2. Sure. Xfree runs really well either rooted or rootless in OS X. Resource implications? very little; XDarwin chugs away at about a couple of percent CPU usage, spiking to around 10% as I gimp around a bit. The OS X window manager gets a little excited at times, but on a modern machine with a fair chunk of memory it's pretty negligible. If you do give this a go have a look at "OroborOSX"; an application that acts as a window manager, yet manages to put a thoroughly OS X-ish slant on X applications.
http:// www.versiontracker.com/macosx
will give you more info about any of the apps mentioned above. Installing X is now as simple as any other mac app (and no configuration hell to deal with). OK, enough, enough: I'm sounding like an evangelist.
3. One fine day...
Cheers,
PaulRe:What Mail Clients Do They Use?
ask on 2002-02-11T12:13:42
I don't really know because I only use my laptop for movies, Terminal.app and a browser, but I saw a patch on the libapreq list recently for fixing Mac OS X stuff.
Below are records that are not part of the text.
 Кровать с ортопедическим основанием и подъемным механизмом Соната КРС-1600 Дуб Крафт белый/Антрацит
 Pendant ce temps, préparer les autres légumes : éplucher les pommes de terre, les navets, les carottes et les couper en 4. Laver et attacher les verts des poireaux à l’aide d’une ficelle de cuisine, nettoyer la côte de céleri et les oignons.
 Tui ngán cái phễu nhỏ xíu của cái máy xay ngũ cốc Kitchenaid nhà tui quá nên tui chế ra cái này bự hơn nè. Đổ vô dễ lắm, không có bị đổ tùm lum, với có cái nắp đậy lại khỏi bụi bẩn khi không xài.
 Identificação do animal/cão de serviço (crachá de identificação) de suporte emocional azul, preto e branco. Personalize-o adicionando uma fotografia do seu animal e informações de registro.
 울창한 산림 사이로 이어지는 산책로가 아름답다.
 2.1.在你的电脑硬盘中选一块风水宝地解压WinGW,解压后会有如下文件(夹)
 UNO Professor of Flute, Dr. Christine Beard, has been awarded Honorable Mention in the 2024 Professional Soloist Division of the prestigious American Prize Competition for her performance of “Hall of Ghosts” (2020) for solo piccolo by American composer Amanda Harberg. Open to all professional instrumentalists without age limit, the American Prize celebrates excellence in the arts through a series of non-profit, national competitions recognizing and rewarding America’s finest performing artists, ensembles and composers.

For mail client, mutt should work fine.
I use emacs without X everywhere anyway, and it works great on X too. (hah, parse that).
My main Macintosh still runs MacOS 9. My new ibook that I got two weeks ago runs Debian.
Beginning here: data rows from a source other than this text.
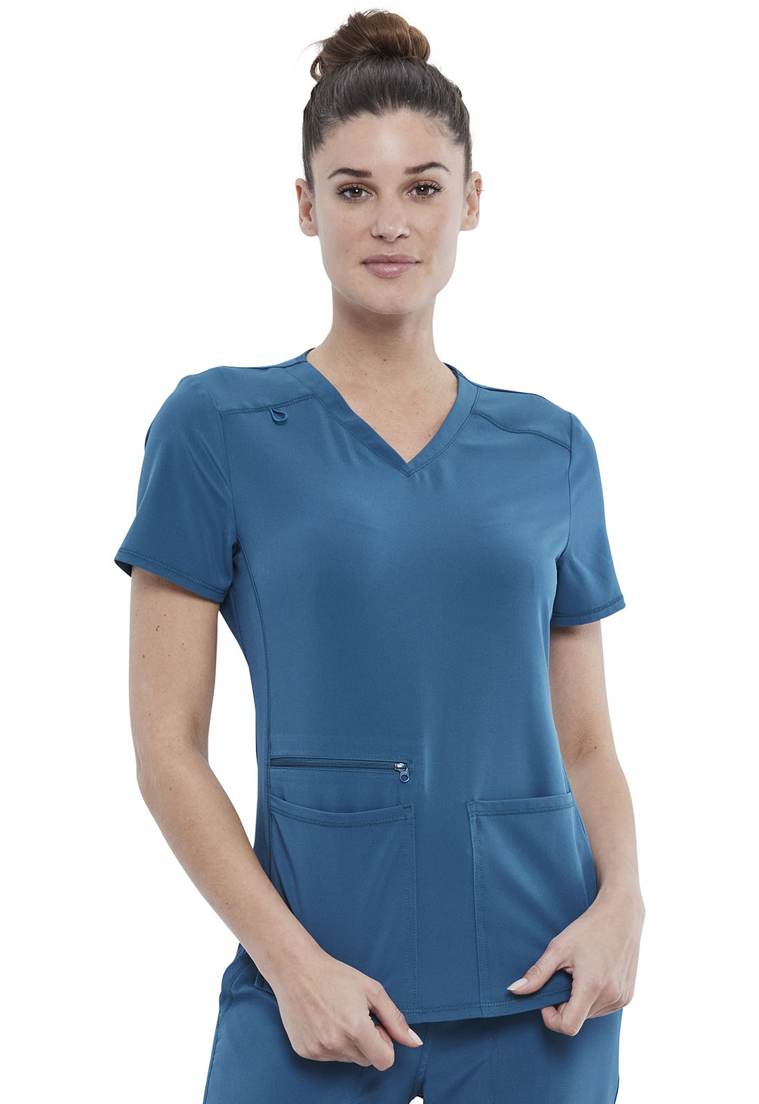 This Contemporary fit v-neck top has front and back yoke seams and a bungee ID badge loop at the right front yoke. Other features include front and back princess seams, front side panels, side vents and a shirttail hem. There are three pockets: two front patch pockets and one zip cell phone pocket. Center back length: 26″
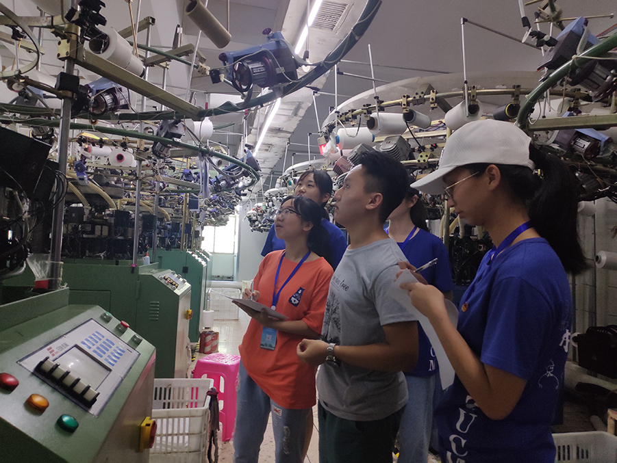 纺织业是谷饶镇的最大产业链。为深入了解当地手工劳动者生活健康状况,在当地领导蔡俊良书记的带领以及各工厂负责人的积极帮助和支持下连续2天走进4家大型纺织工厂进行实地调研,完成118份高质量调查报告。队员们主要通过线下对员工进行访谈及线上填写调查问卷的方式,充分了解了纺织厂员工的生活健康情况。调研期间,同学们还坐在缝纫机前亲身体验了“打枣”的工作流程。
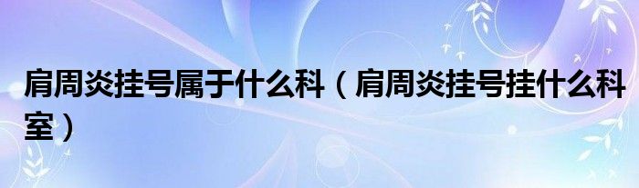 大家好,linda来为大家解答以上的问题。肩周炎挂号属于什么科,肩周炎挂号挂什么科室很多人还不知道,现在让我们一起来看看吧!
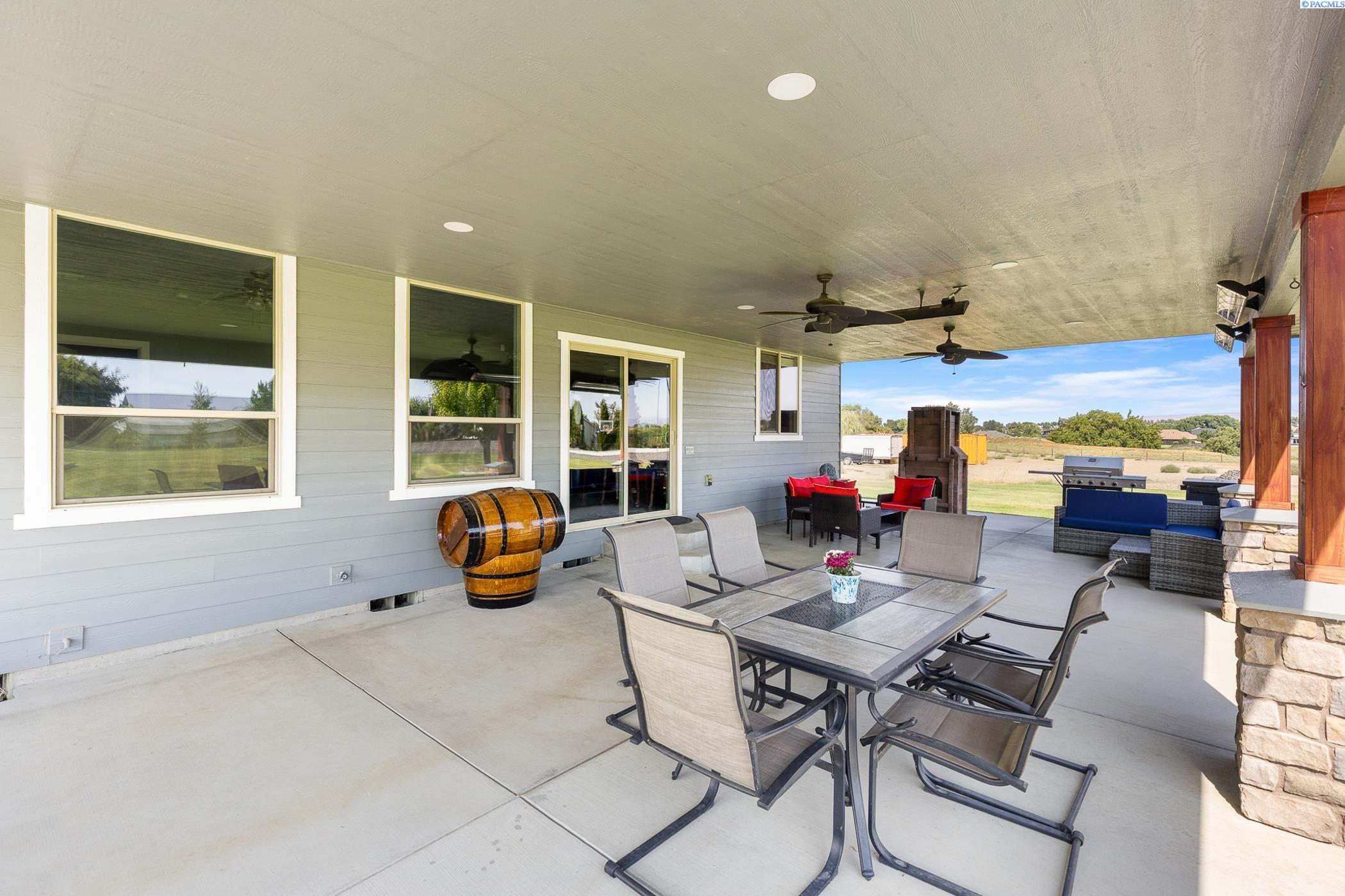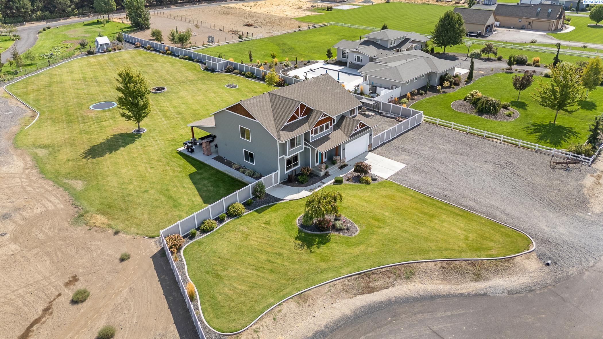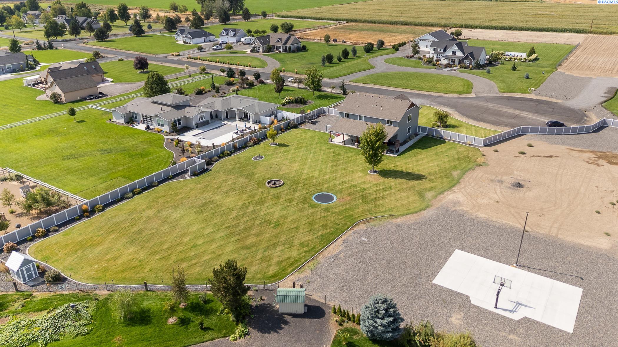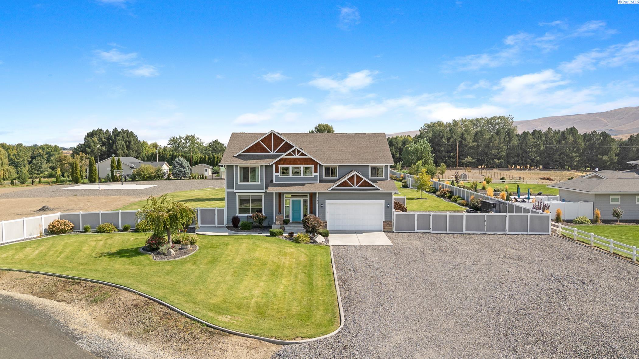 MLS# 287454 Quietly tucked away in a cul-de-sac within one of Prosserâs most desirable neighborhoods, this stunning home boasts more than 3,000 sq. ft. of living space on nearly 3 acres. Enjoy peekaboo views of the Yakima River and Mt. Adams from your fully fenced property, complete with a freshly painted exterior featuring custom cedar plank accents. Outdoor amenities are designed for year-round enjoyment â a spacious patio with built-in heaters, a fire pit, sport court with lighting, underground sprinklers, and even a chicken coop.Inside, youâll find 4 bedrooms plus a dedicated office with custom furniture that stays with the home, 3 bathrooms, and an open kitchen with stainless steel appliances. Unique features abound, including a hidden wine cellar, massive primary suite with soaking tub, upstairs laundry, and an epoxied 3-car garage with custom cabinetry. This home blends comfort, function, and style in a truly exceptional setting.

Eventually I'm sure I will sample X.
About the only gripe I have is that the Terminal application sucks raw eggs as a terminal application. I haven't looked closely at what it thinks it's trying to do but it's not what I got used to-- 15 years ago on true VT100s and lookalikes. As a UNIX interface nothing beats a good text terminal, and the Terminal isn't (hopefully "isn't yet").
Note that I may be barking at the wrong tree: maybe it's the combination of Terminal and the shell that is sucky. But whatever it is, things like suspending your application simply don't work, and the terminal emulation seems flaky. I have a suspicion about this and it is that Terminal wasn't really designed as a terminal, it's a text display widget glued with bubble gum to shell(s), which isn't enough for a dynamic workbench that a proper text terminal is.
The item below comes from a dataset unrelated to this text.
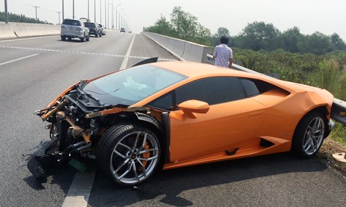 Sáng 3/3/2016, "siêu bò" Huracan màu cam khi qua trạm thu phí Long Phước (quận 9, TP HCM) khoảng 4 km bất ngờ tông dải phân cách, rồi đâm vào lan can lề đường. Cú tông mạnh khiến siêu xe bị nát phần đầu và không ảnh hưởng đến phần động cơ đặt sau. Rất may không có người bị thương.
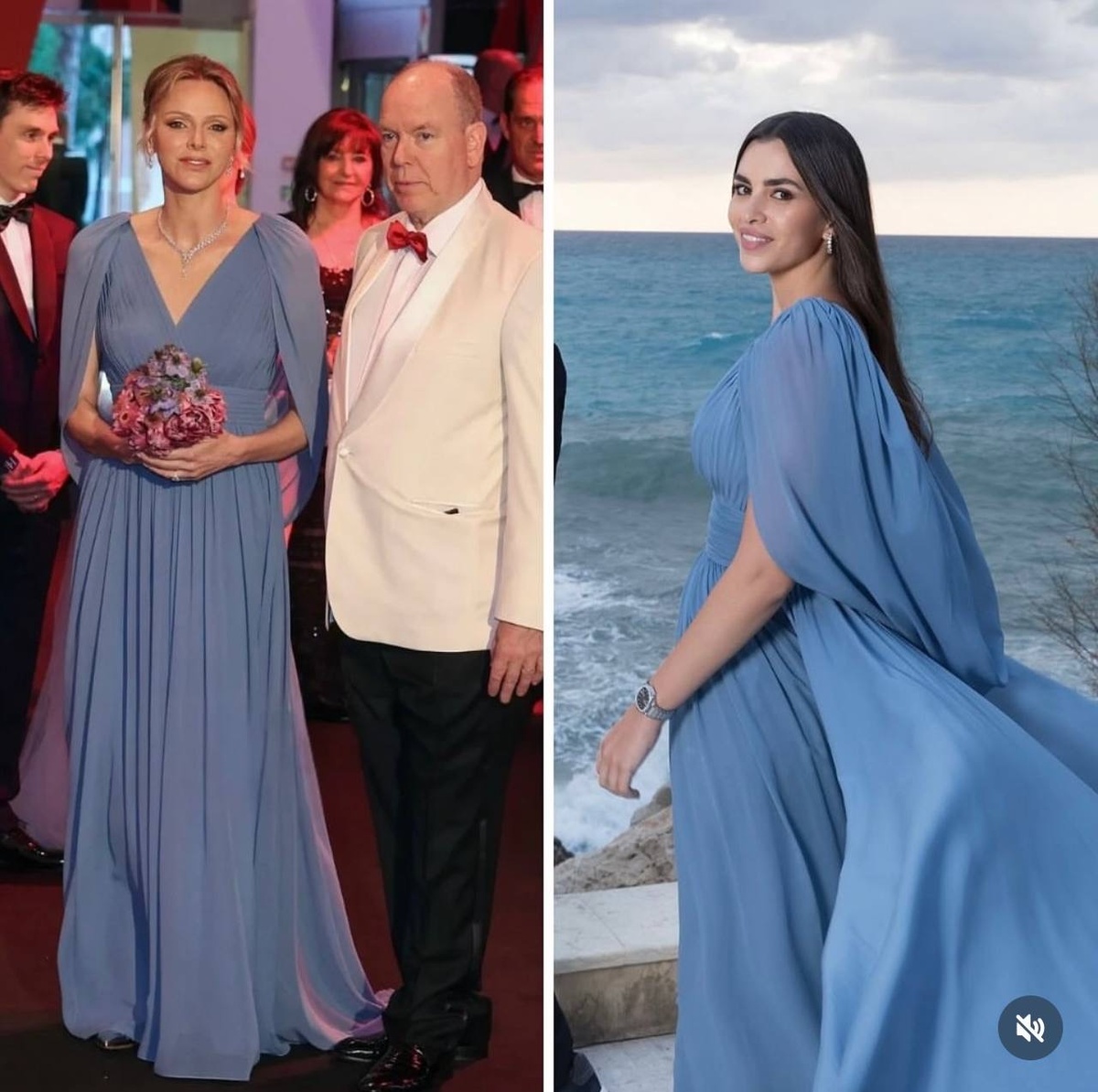 Ну что, друзья, устраиваем модный баттл! На красных дорожках и вечеринках опять случились совпадения, и я собрала самые яркие пары для рубрики «Битва образов». Каждый наряд как ход в шахматы. Иногда выигрывает тот, кто выберет самый смелый фасон, иногда тот, кто лучше подберёт макияж, а иногда просто тот, кто сильнее смотрит в камеру. Смотрим, сравниваем и выбираем фаворитов. Княгиня Монако Шарлен и Зейн Сааб в Elie Saab Вот уж настоящий «воздушный бой»! Шифон со струящейся накидкой, глубокий V-вырез - небесно-голубое платье будто создано для королевских выходов. Шарлен в нём выглядит как королева: строгая, но не холодная, с лёгкой улыбкой, минимум украшений, собранная в пучок прическа, как и положено женщине с титулом. А вот Зейн Сааб, новоиспечённая невестка дизайнера Эли Сааба, в этом же платье, но с другой энергией. Она - молодая, яркая, добавила в образ южной романтики, молодости и лёгкости - распущенные волосы, часы на руке. Один и тот же наряд - два разных настроения. Мой гол

Yes, I do know there's rootless X11 and the true xterm (which works for me as a true text terminal), and OroborosX as the window manager. But I'm kind of hoping someone at Apple would fix Terminal since I'd like to have my Unicode and fonts, too.
Re:OS X Good
pjm on 2002-02-11T06:24:44
Yep, the terminal is seriously screwed up. Some little things seem related to the fact that it doesn't run setuid (so that closing a window through the GUI means you get a ghost entry in the output from "who", as Terminal.app lacks permission to write to the log file. )
Another observation: if you have your preferences set to "use this shell: " instead of "use default login for this user" the terminal seems incapable of changing the ownership of the device file! That is, if/dev/ttyp6, for example, is owned by root:wheel and you open it as user jhi with terminal pref's as above, it'll *still* be owned by root:wheel instead of jhi:tty. Do the same thing with "default login" and the ownership changes as it should. I would guess this might be related to the first problem, but it is certainly indicates that your guess re "bubble gum" might not be far off the mark.
[[Symptom: pretty hard to change "mesg" status when you don't own the device!]]
I haven't had any problems with job suspension though: seems to work as expected here.